Óxido nitroso: Sua ação tem rápido início e recuperação. No entanto, possui potência pequena. Nunca deve ser administrado como 100% do gás inspirado, porque o paciente necessita respirar oxigênio. Não é utilizado propriamente como anestésico, mas sim como um adjunto de anestésicos voláteis, permitindo que esses sejam usados em menor concentração. Outro ponto é que ele tende a entrar nas cavidades gasosas, fazendo com que essas se expandam, o que pode levar ao quadro de pneumotórax ou embolismo vascular. A exposição prolongada ao óxido nitroso também pode levar à depressão da medula óssea, que pode ocasionar anemia e leucopenia. *Também pode causar efeitos teratogênicos se inalados por gestantes. 
OBS: Halotano > Enflurano > Isoflurano > Sevofluranos > Desflurano. 
ANESTÉSICOS INTRAVENOSOS: Os intravenosos, como os barbitúricos, permitem indução rápida. No entanto, como não-voláteis, não podem ser removidos do corpo por ventilação e, assim, deve haver bastante cuidado durante sua administração. O metabolismo e a excreção reduzem lentamente os níveis do fármaco no corpo, devendo haver diálise se necessária remoção rápida. 
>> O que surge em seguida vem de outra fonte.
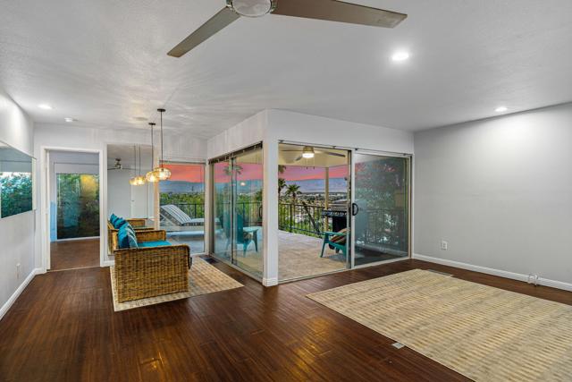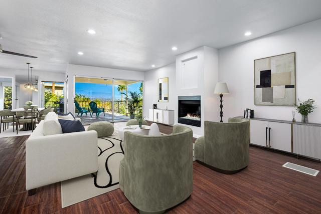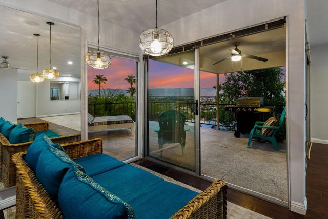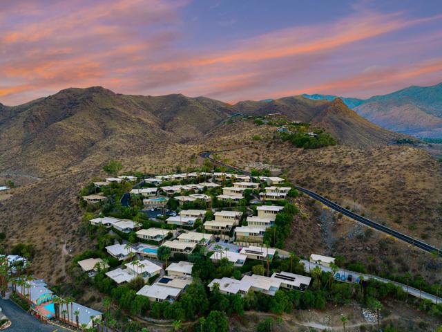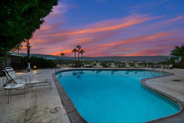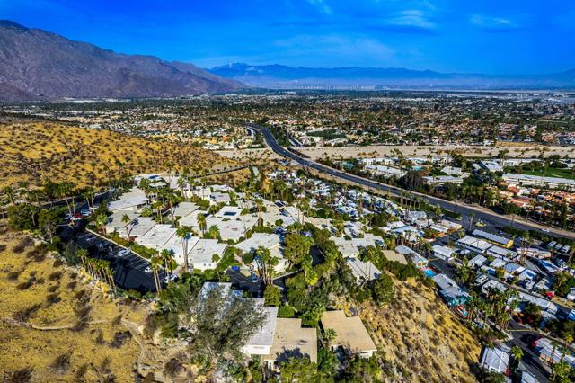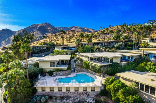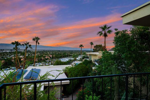 Perched above the valley floor and nestled into the mountainside, sits the iconic community of Rimcrest. Built in 1967, and designed by Leroy Rose & Harold Carlson, the association sits on nearly 12 acres and houses just 51 condos. The only hillside development in Palm Springs, Rimcrest is located just under the former home of Bob Hope, and the panoramic views of the valley and mountains are just unbeatable. This 2 bedroom, 2 bath condo offers 1,600 sq ft of living space and is located on the 2nd level from the top of the development, making the views absolutely spectacular. Enjoy an open concept living area with a reimagined, extra-large kitchen featuring loads of storage and an office area. Spectacular views can be enjoyed from the living area, primary bedroom, and of course the deck. Each bedroom offers a fireplace feature and walk-in closet, and both baths feature walk-in showers. Recent updates include: fresh interior and patio paint, added baseboards, updated electric panels and wiring, travertine tiled front patio, structural updates below the deck. One of the community's three spas is just steps away and is the perfect place to unwind. Stunning views greet you at every turn in Rimcrest, including at the community's two sparkling pools. Come and see what makes this location so special!

Uso combinado de anestésicos e outros fármacos: Em cirurgias complexas, uma gama de fármacos é administrada em diferentes tempos, no decorrer do procedimento. Esses podem incluir pré-medicação sedativa ou ansiolítica (benzodiazepínicos); opioide analgésico perioperatório; anestésico inalatório para manutenção da anestesia durante a cirurgia; agente bloqueador neuromuscular apropriado; agente antiemético; e um antagonista muscarínico para prevenir ou tratar bradicardia ou para reduzir secreções brônquicas ou salivares. Próximo ao final do procedimento, usa-se um anticolinesterásico para reverter o bloqueio neuromuscular e analgésicos para alívio da dor pós-operatória. Essas combinações evitam longos períodos de semiconsciência e permitem que a cirurgia seja realizada sem depressão cardiorrespiratória inadequada.